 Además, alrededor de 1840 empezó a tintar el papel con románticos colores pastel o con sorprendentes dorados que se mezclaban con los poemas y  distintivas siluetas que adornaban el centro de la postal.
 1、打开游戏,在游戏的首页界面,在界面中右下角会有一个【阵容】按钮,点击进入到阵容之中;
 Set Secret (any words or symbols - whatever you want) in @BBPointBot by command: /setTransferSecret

* * *

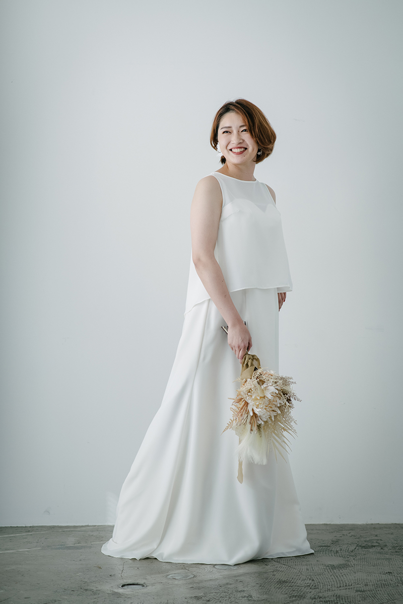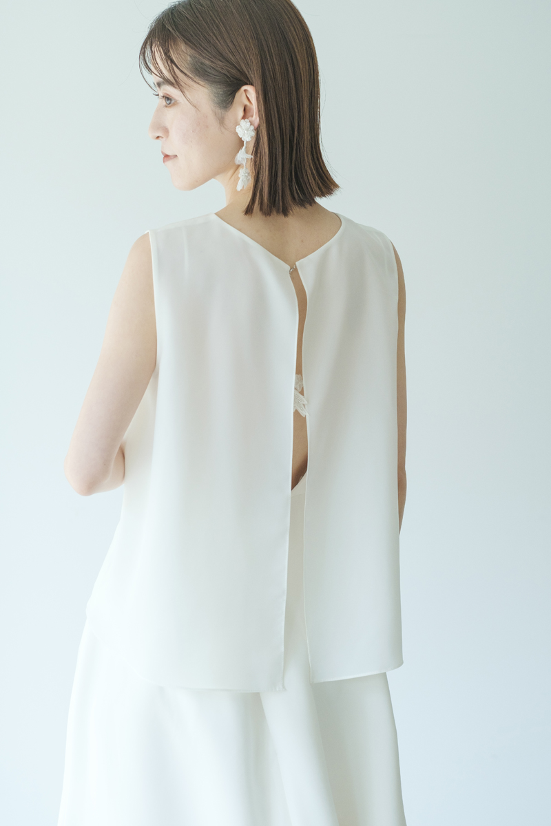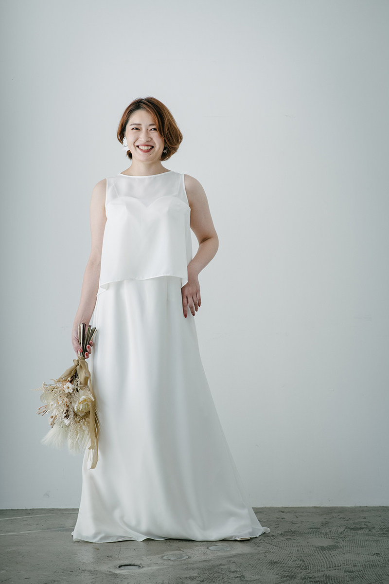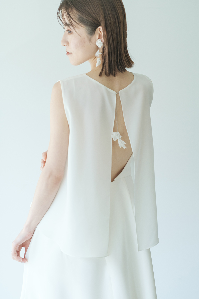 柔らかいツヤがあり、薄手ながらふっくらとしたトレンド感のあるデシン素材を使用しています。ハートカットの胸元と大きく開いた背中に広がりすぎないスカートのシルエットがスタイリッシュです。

→ Exercise prompt
Taking the records above, retype every line from the one with "1、打开游戏,在游戏的首页界" down to the one with "Set Secret (any", exactly and with nothing else.

→ Task output
 1、打开游戏,在游戏的首页界面,在界面中右下角会有一个【阵容】按钮,点击进入到阵容之中;
 Set Secret (any words or symbols - whatever you want) in @BBPointBot by command: /setTransferSecret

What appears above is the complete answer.